Logic Help: comparing values and taking the smallest distance, while removing it from the list of "available to compare"

Okay, I have been set with the task of comparing this list of Photons using one method (IU) and comparing it with another (TSP). I need to take the first IU photon and compare distances with all of the TSP photons, find the smallest distance, and "pair" them (i.e. set them both in arrays with the same index). Then, I need to take the next photon in the IU list, and compare it to all of the TSP photons, minus the one that was chosen already.
I know I need to use a Boolean array of sorts, with keeping a counter. I can't seem to logic it out entirely.
The code below is NOT standard C++ syntax, as it is written to interact with ROOT (CERN data analysis software).
If you have any questions with the syntax to better understand the code, please ask. I'll happily answer.
I have the arrays and variables declared already. The types that you see are called EEmcParticleCandidate and that's a type that reads from a tree of information, and I have a whole set of classes and headers that tell that how to behave.
Thanks.
Bool_t used[2];
if (num[0]==2 && num[1]==2) {
TIter photonIterIU(mPhotonArray[0]);
while(IU_photon=(EEmcParticleCandidate_t*)photonIterIU.Next()){
if (IU_photon->E > thresh2) {
distMin=1000.0;
index = 0;
IU_PhotonArray[index] = IU_photon;
TIter photonIterTSP(mPhotonArray[1]);
while(TSP_photon=(EEmcParticleCandidate_t*)photonIterTSP.Next()) {
if (TSP_photon->E > thresh2) {
Float_t Xpos_IU = IU_photon->position.fX;
Float_t Ypos_IU = IU_photon->position.fY;
Float_t Xpos_TSP = TSP_photon->position.fX;
Float_t Ypos_TSP = TSP_photon->position.fY;
distance_1 = find distance //formula didnt fit here //
if (distance_1 < distMin){
distMin = distance_1;;
for (Int_t i=0;i<2;i++){
used[i] = false;
} //for
used[index] = true;
TSP_PhotonArray[index] = TSP_photon;
index++;
} //if
} //if thresh
} // while TSP
} //if thresh
} // while IU
Thats all I have at the moment... work in progress, I realize all of the braces aren't closed. This is just a simple logic question.
This may take a few iterations.
As a particle physicist, you should understand the importance of breaking things down into their component parts. Let's start with iterating over all TSP photons.

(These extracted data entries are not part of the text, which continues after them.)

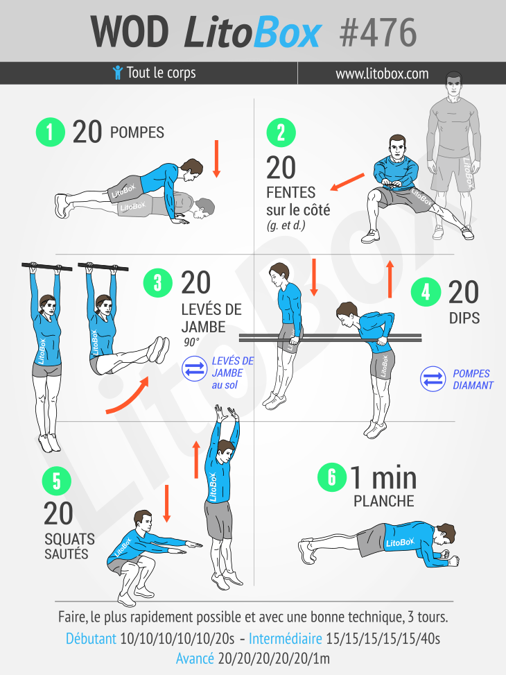 Tout premier WOD (de Litobox et en général) pour moi. Les squats sautés m’ont fait terriblement mal, j’ai encore des courbatures 3 jours après :D.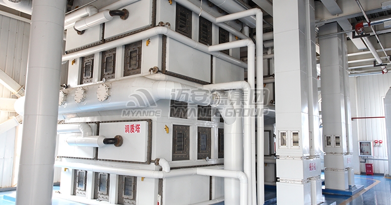 調質作為油料生產中的重要環節,可以調節油料的水分溫度、提高其中油脂的流動性,便于后續取油。流動性好的油料,例如大豆、菜籽可采用邁安德高效的調質塔來處理,熱源可采用車間回收的熱水或者廢水,降低客戶能耗支出。流動性不好的油料可采用臥式滾筒軟化鍋或立式蒸炒鍋來處理。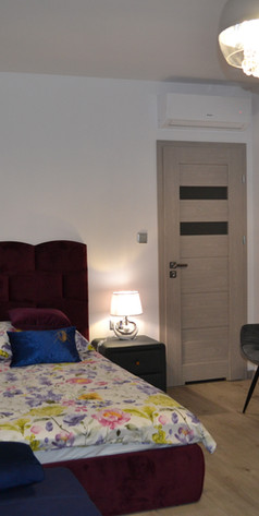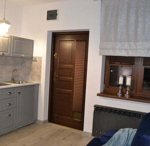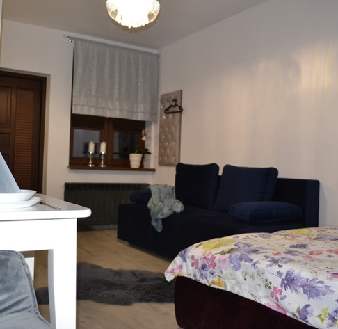 Pokój studio z odzielnym wejściem dla gości wyposażony jest w aneks kuchenny, stół jadalny z krzesłami, komodę, płaski telewizor, wygodne łoże małżeńskie oraz łazienkę z prysznicem. Dodatkowo pokój posiada wygodną rozkładaną kanapę.

It looks as if the relevant code is here:
TIter photonIterTSP(mPhotonArray[1]);
while(TSP_photon=(EEmcParticleCandidate_t*)photonIterTSP.Next()) {
...
if(a certain condition is met)
TSP_PhotonArray[index] = TSP_photon;
}
So TSP_photon is a pointer, you will be copying it into the array TSP_PhotonArray (if the energy of the photon exceeds a fixed threshold), and you go to a lot of trouble keeping track of which pointers have already been so copied. There is a better way, but for now let's just consider the problem of finding the best match:
distMin=1000.0;
while(TSP_photon= ... ) {
distance_1 = compute_distance_somehow();
if (distance_1 < distMin) {
distMin = distance_1;
TSP_PhotonArray[index] = TSP_photon; // <-- BAD
index++; // <-- VERY BAD
}
}
This is wrong. Suppose you find a TSP_photon with the smallest distance yet seen. You haven't yet checked all TSP photons, so this might not be the best, but you store the pointer anyway, and increment the index. Then if you find another match that's even better, you'll store that one too. Conceptually, it should be something like this:
distMin=1000.0;
best_photon_yet = NULL;
while(TSP_photon= ... ) {
distance_1 = compute_distance_somehow();
if (distance_1 < distMin) {
distMin = distance_1;
best_pointer_yet = TSP_photon;
}
}
// We've now finished searching the whole list of TSP photons.
TSP_PhotonArray[index] = best_photon_yet;
index++;
Post a comment to this answer, telling me if this makes sense; if so, we can proceed, if not, I'll try to clarify.